#### Problem description
Only one stretch of the data below is needed: the line with "25,000 Ulta Rewards points!" through the last line. Output it exactly and drop the pictures.

** Provided entries follows **

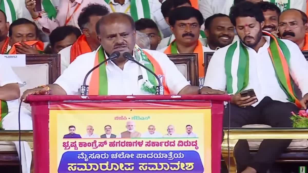 H D Kumaraswamy: ಯಾರ್ಯಾರು ನಮ್ಮ ರಾಜ್ಯವನ್ನು ಲೂಟಿ ಮಾಡುತ್ತಾರೋ, ಕೊಳ್ಳೆ ಹೊಡೆಯುತ್ತಾರೋ ಅಂಥವರ ಪಾಲಿಗೆ ಹಾಗೂ ಡಿ ಕೆ ಶಿವಕುಮಾರ್ ನಿಮ್ಮ ಪಾಲಿಗೂ ನಾನು ನಾಗರ ಹಾವೇ ಎಂದು ಡಿಕೆಶಿಗೆ ಸಂಸದ ಹೆಚ್ ಡಿ ಕುಮಾರಸ್ವಾಮಿ ಟಾಂಗ್ ಕೊಟ್ಟರು. ಜೆಡಿಎಸ್-ಬಿಜೆಪಿ ಹಮ್ಮಿಕೊಂಡಿದ್ದ ಮೈಸೂರು ಚಲೋ ಪಾದಯಾತ್ರೆ ಸಮಾರೋಪ ಸಮಾರಂಭ ಮೈಸೂರು ಮಹಾರಾಜ ಕಾಲೇಜು ಮೈದಾನದಲ್ಲಿ ನಡೆಯಿತು. ಅಲ್ಲಿ ಸಭೆಯನ್ನು ಉದ್ದೇಶಿಸಿ ಮಾತನಾಡಿದ ಅವರು, ಜನಾಂದೋಲದಲ್ಲಿ ಮಾತಾನಾಡಿದ್ದ ಡಿಕೆಶಿ ವಿರುದ್ಧ ವಾಗ್ದಾಳಿ ನಡೆಸಿದರು.
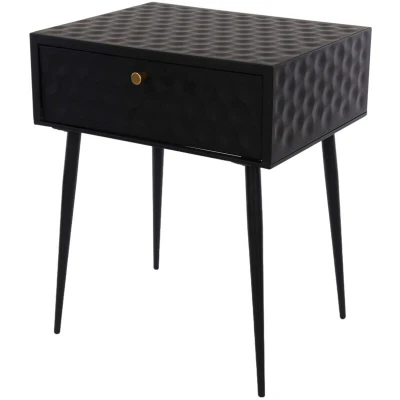 General description Strong, sturdy, and stylish, the Saturn 1 Drawer Bedside Cabinet is crafted entirely from metal and features a sleek black finish complemented by a contrasting gold effect handle. The drawer unit showcases a unique honeycomb design pressed into the panels, creating a striking three-dimensional effect. The interior of the drawer is also made from metal with a painted finish and is equipped with easy glide metal runners. The cabinet is supported by mid-century styled tapered metal legs, making it an ideal choice for use as a bedside or side table. Technical specifications Dimensions: L35.8 x W46 x H56.2 cm Weight: 6.5 kg Drawer dimensions: L325 x W382 x H100 mm Drawer front thickness: 0.5 mm Drawer sides & back thickness: 0.5 mm Drawer base thickness: 0.5 mm Leg dimensions: L25 x W25 x H404 mm Product cube: 0.0926 Installation Minimal assembly required Supplied with fully detailed assembly instructions Tools for assembly included Usage Can be used as a bedside table
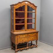 Wortelnotengefineerde porseleinkast met drie lades in de onderkast, marriage van Louis Quatorze onderkast en bovenkast van later datum -barstje in hoek van glas, stuk van regel tussen poten ontbreekt, en andere defecten- 220 × 126 × 54 cm
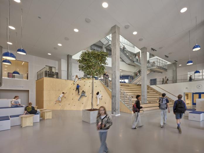 Man er lykkes med at få mange gode rumligheder ind på meget lidt plads. Både kantineområdet og fritidsordningen virker veldisponerede og behagelige at opholde sig i, ligesom de forskellige hjemmegruppeområder har en rolig og intim karakter. Idrætssalen er godt placeret i stueetagen, så den let kan anvendes uden for skolens åbningstid, og cykelkælderen er et forbilledligt eksempel på en cykelparkeringsløsning, som er funktionel og tryg, også for børnene.
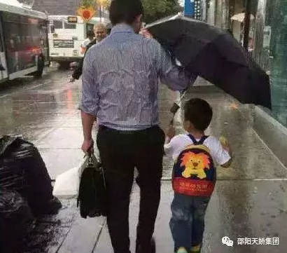 爸爸為了不讓孩子淋雨,把唯一的雨傘全部遮在孩子頭上,自己卻渾身濕透。
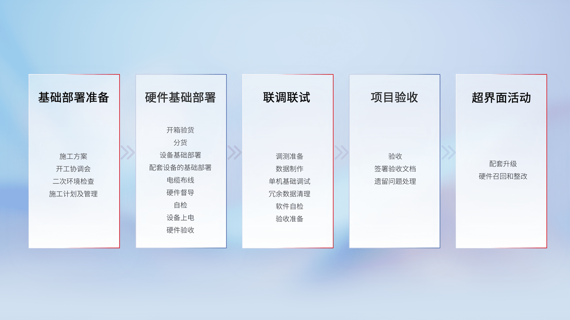 从基础部署准备、、硬件基础部署、、、、联调联试、、、项目验收、、、、越界面活动的全过程可追溯,,,,保证施工质量和进度。。。
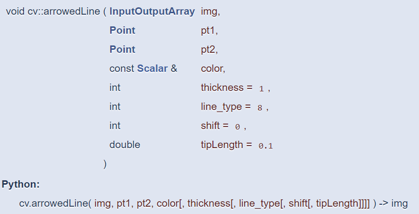 cv::arrowedLine(img, cv::Point(50, 200), cv::Point(150, 200), cv::Scalar(0, 0, 255), 1);
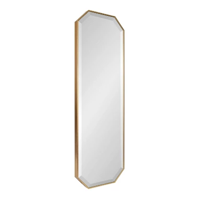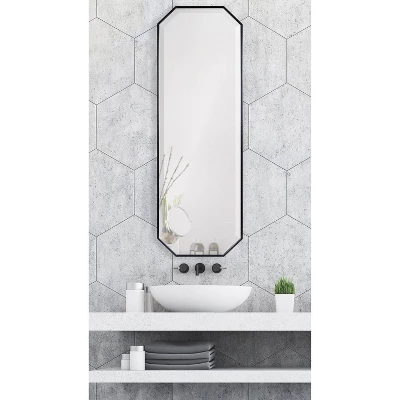 Indulge in the glamorous, minimal aesthetic of the Rhodes wall mirror, a practical wall accent for any room. Inspired by modern, geometric forms, the Rhodes mirror has minimal lines and a lovely octagon shape. The Rhodes surface is constructed with a resilient plastic frame and mirrored glass while offering a beveled edge to spread more light throughout the area. Adding a mirror to your wall expands your space by reflecting light, creating a more dimensional, open concept room. Hang this practical, geometric accent in any modern or glamorous living room, bedroom, entryway, bathroom, closet, or dining room. The overall dimensions of this mirror are 16.75 inches wide by 1.5 inches deep by 48.75 inches tall, showcasing a robust, full-length mirror for checking your appearance, tying your tie, or doing your makeup. Showcase the Rhodes on its own for a bold focal point or in multiples to create a grand wall display. The metal D-ring hangers attached to the back of the frame allow you to hang it both vertically or horizontally, depending on your unique decorative aesthetic.
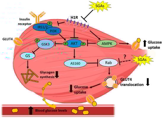 SGA-induced impairment in skeletal muscle insulin signaling and glucose uptake. SGAs impact the insulin signaling pathway at two levels: inhibition of IRS-1/2 phosphorylation and inhibition of AKT and GSK3 phosphorylation, with H1R antagonism being the proposed SGAs target in insulin signaling impairment. SGAs could also increase glucose uptake via AMPK activation, although these drugs most likely exert inhibition of this effect. GLUT4 translocation has been proposed a plausible target for SGAs-reduced glucose uptake in muscle.
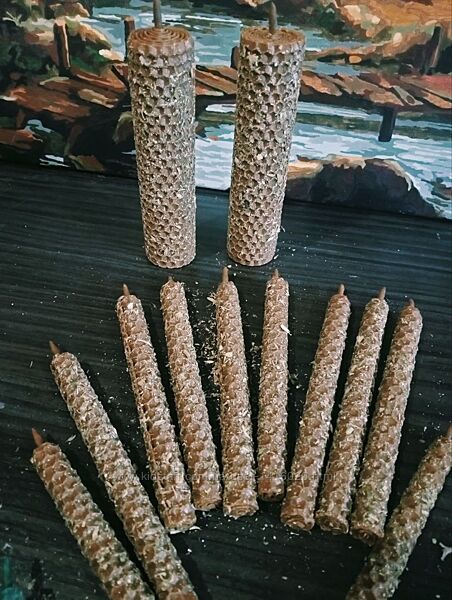 Свечи изготовлены из натурального экологически чистого воскового материала – пчелиной вощины.
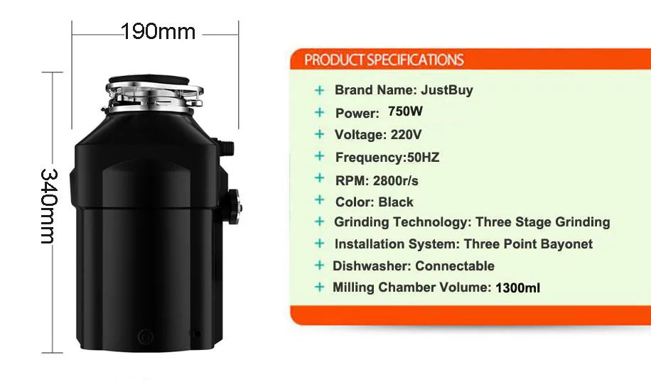 High-Speed Quiet Motor & Big Capacity: This food garbage disposal features an energy-efficient and high-speed 2800 RPM motor. It has more power and higher efficiency than other comparative disposals, which significantly lessen the possibility of jams. Additionally, the noise level of the motor is below 50 decibels making it the quietest grinding sound you can ever get. The grinding chamber of 1300ml capacity helps to deal with more waste. --Voltage:220V-240V --Can be conneted Dish Washer
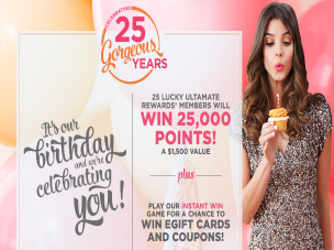 Ulta “Ultamate Birthday Giveaway” Instant Win Game & Sweepstakes – Win 25,000 Ulta Rewards points!
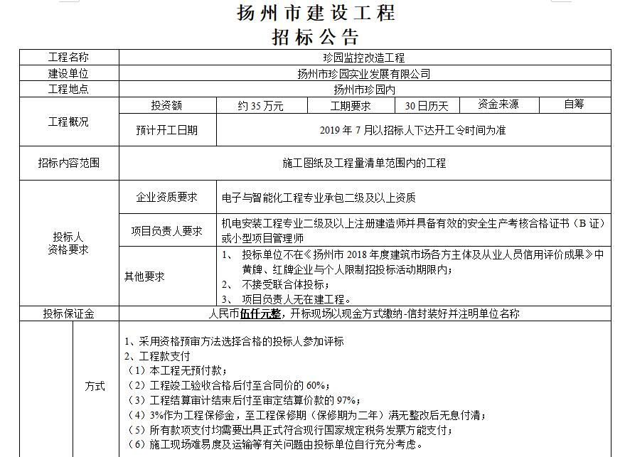扬州市建设工程招标公告
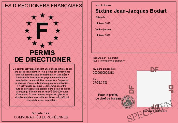 Envoyez par email le Permis de Directioner personalisé
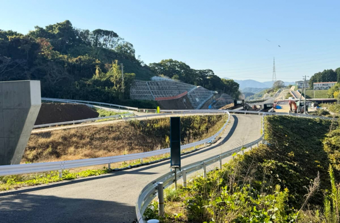 斜め後ろを振り返ると、やはり建設中のバイパス道路の風景。子どもの頃からこの場所を知る記者は変わりゆく景色に戸惑いを覚えますが、道路が完成すれば国道28号線の渋滞が大幅に緩和されて、多くの人が恩恵を受けることでしょう。

** End of Provided entries **

#### Solution to this problem
 Ulta “Ultamate Birthday Giveaway” Instant Win Game & Sweepstakes – Win 25,000 Ulta Rewards points!
扬州市建设工程招标公告
 Envoyez par email le Permis de Directioner personalisé
 斜め後ろを振り返ると、やはり建設中のバイパス道路の風景。子どもの頃からこの場所を知る記者は変わりゆく景色に戸惑いを覚えますが、道路が完成すれば国道28号線の渋滞が大幅に緩和されて、多くの人が恩恵を受けることでしょう。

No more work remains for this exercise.